__Assignment__
Within the lines below, the span from the line with "Sivas’ta Yenişehir Mahallesinde" to the line with "Olivia Burton Big", both ends included, is to be reproduced exactly, with pictures omitted.

__Records for this exercise__
* * *

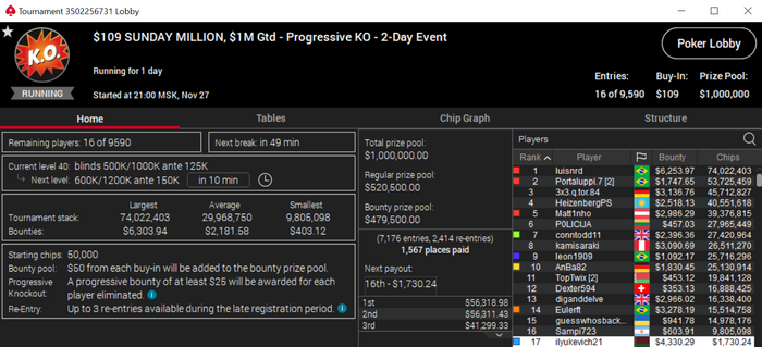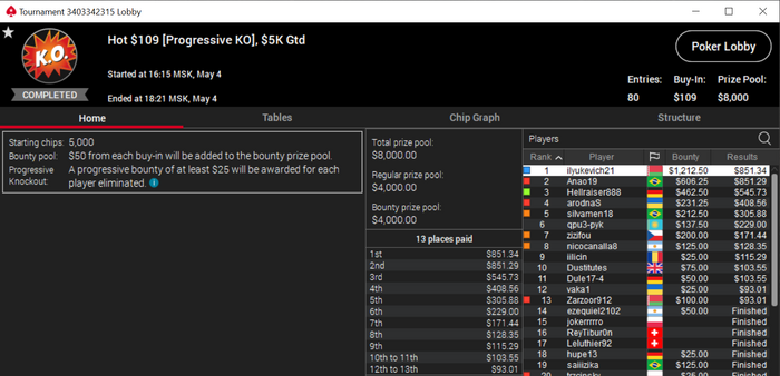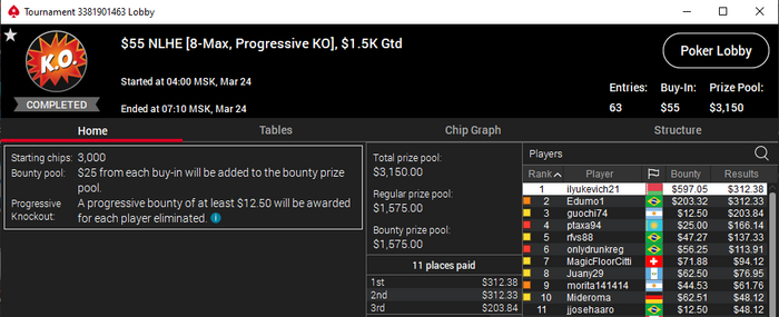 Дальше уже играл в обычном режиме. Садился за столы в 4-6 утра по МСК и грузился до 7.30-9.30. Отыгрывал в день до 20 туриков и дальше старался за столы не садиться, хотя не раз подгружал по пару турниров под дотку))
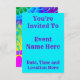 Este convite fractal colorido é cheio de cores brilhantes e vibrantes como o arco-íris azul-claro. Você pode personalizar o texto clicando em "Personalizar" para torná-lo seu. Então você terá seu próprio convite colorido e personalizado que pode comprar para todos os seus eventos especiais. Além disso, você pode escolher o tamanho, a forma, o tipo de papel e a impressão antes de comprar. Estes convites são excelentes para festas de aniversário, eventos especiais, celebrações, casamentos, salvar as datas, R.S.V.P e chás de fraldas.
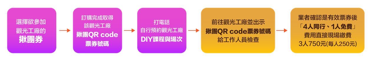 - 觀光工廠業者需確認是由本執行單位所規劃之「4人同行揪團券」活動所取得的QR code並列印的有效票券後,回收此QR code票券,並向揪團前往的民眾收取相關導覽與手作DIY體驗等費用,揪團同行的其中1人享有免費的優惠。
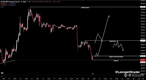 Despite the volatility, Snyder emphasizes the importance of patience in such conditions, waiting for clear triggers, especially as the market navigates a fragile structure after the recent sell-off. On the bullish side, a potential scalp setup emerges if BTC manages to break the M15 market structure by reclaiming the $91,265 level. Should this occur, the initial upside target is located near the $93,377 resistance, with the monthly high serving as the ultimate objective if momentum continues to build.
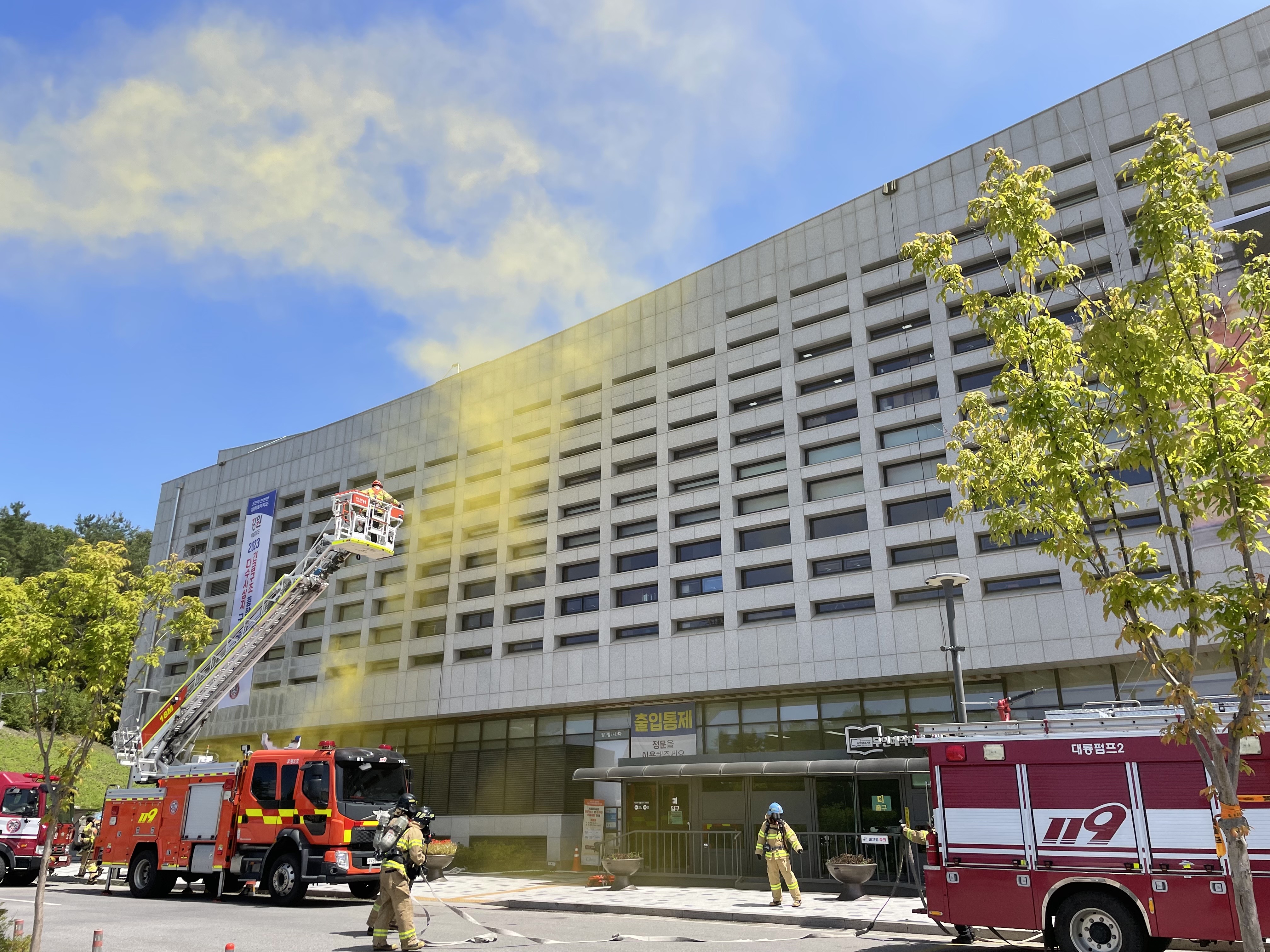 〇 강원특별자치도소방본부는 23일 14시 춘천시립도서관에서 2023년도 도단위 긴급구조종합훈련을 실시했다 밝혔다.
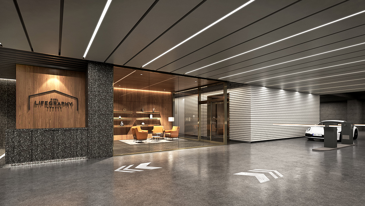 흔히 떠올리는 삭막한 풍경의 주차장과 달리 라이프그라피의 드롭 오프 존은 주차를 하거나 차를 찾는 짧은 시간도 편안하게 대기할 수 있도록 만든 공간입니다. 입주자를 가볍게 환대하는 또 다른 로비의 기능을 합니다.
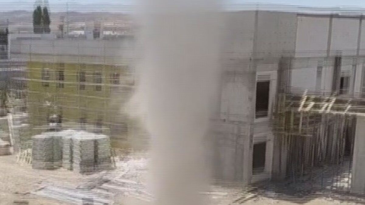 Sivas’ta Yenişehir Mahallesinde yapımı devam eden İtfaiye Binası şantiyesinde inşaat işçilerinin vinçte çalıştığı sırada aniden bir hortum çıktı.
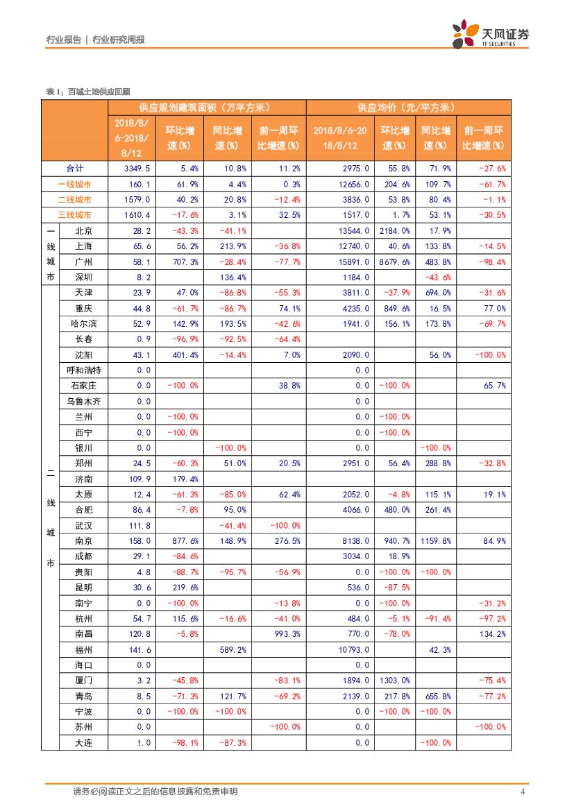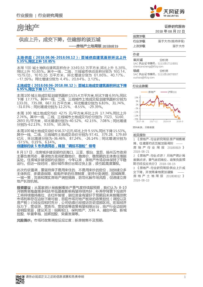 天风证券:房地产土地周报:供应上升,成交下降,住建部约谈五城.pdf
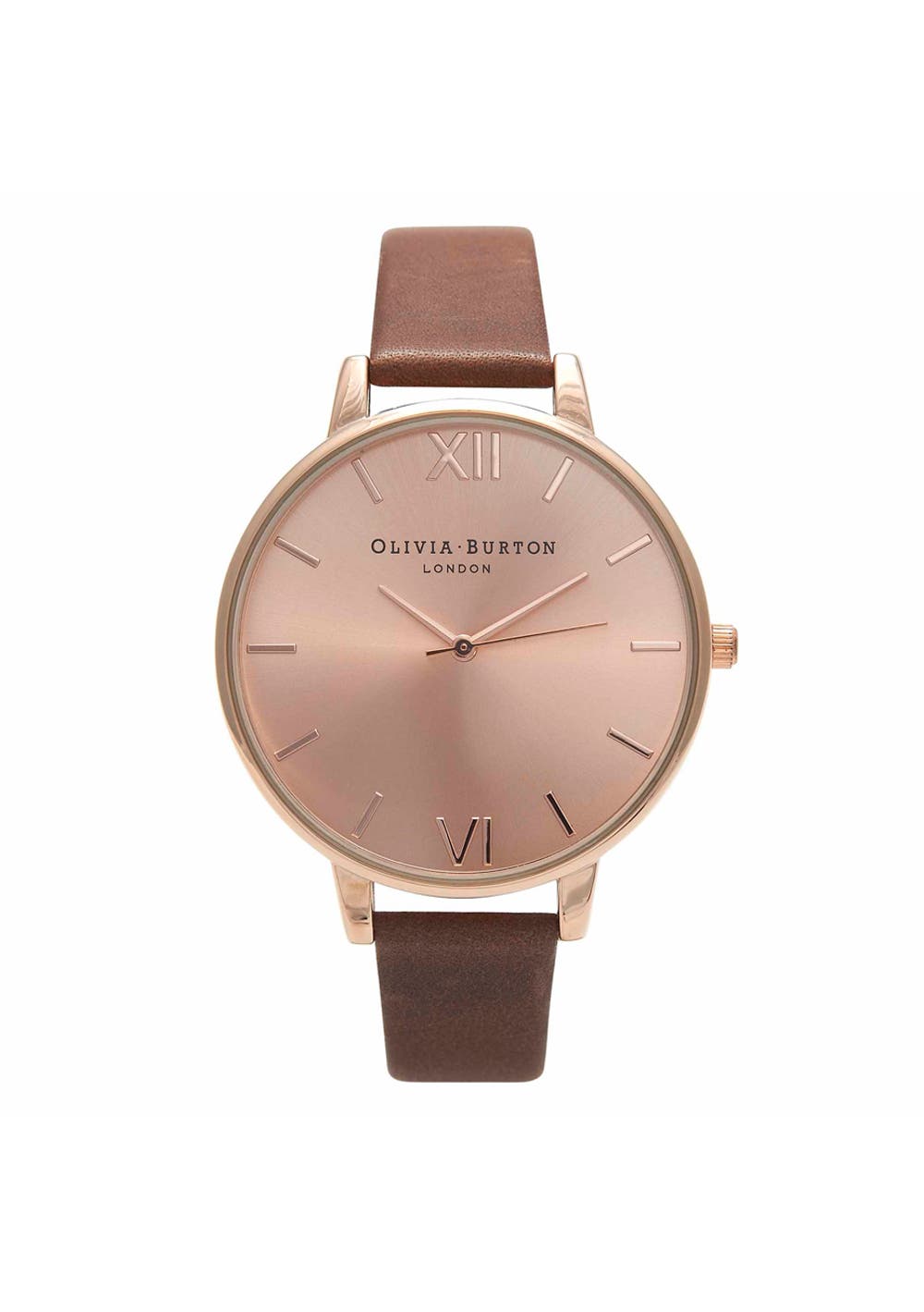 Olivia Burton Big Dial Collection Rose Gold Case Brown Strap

* * *

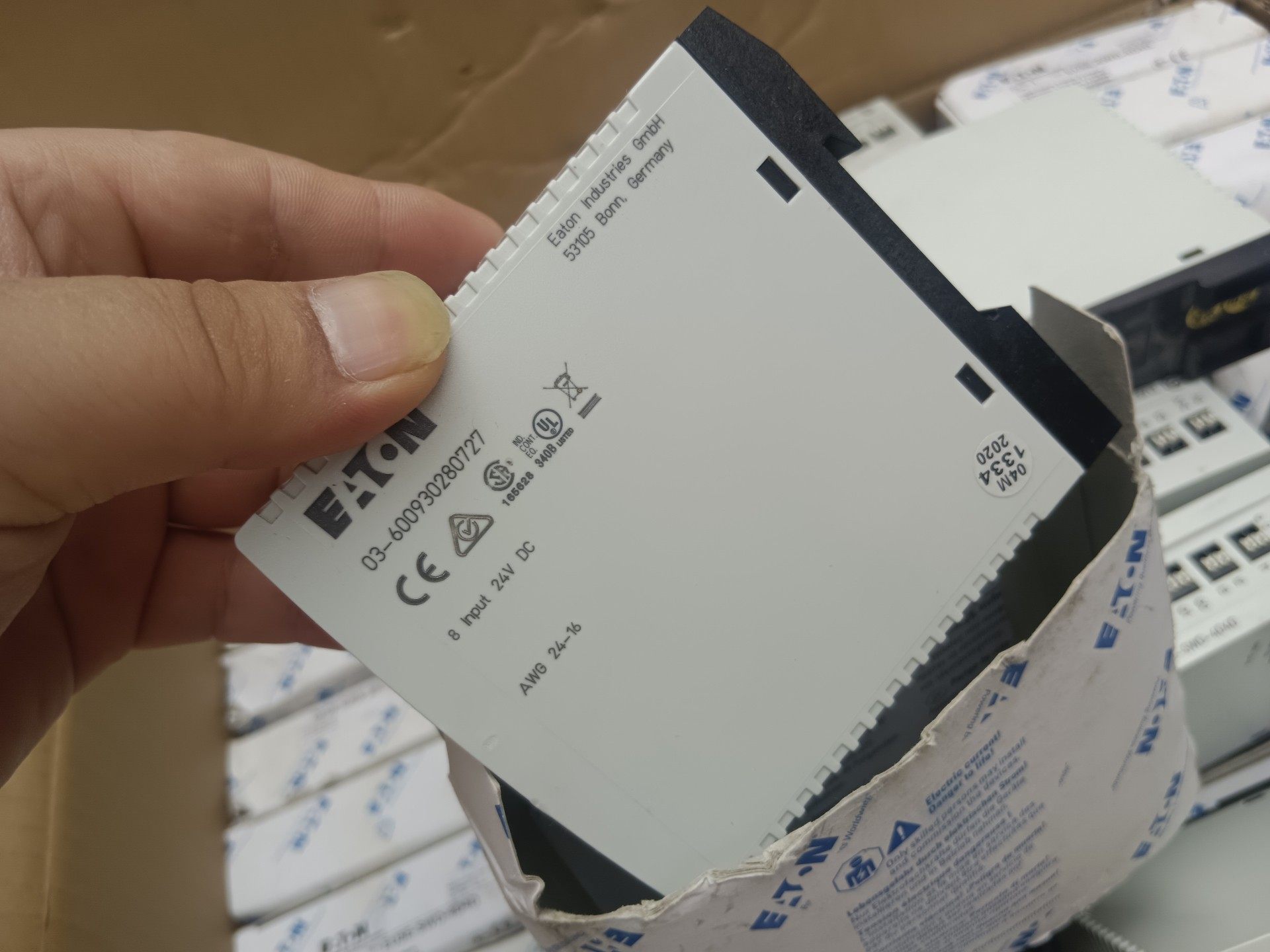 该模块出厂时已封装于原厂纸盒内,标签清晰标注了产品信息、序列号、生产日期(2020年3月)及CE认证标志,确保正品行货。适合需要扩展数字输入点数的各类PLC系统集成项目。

* * *

__Exercise output__
 Sivas’ta Yenişehir Mahallesinde yapımı devam eden İtfaiye Binası şantiyesinde inşaat işçilerinin vinçte çalıştığı sırada aniden bir hortum çıktı.
 天风证券:房地产土地周报:供应上升,成交下降,住建部约谈五城.pdf
 Olivia Burton Big Dial Collection Rose Gold Case Brown Strap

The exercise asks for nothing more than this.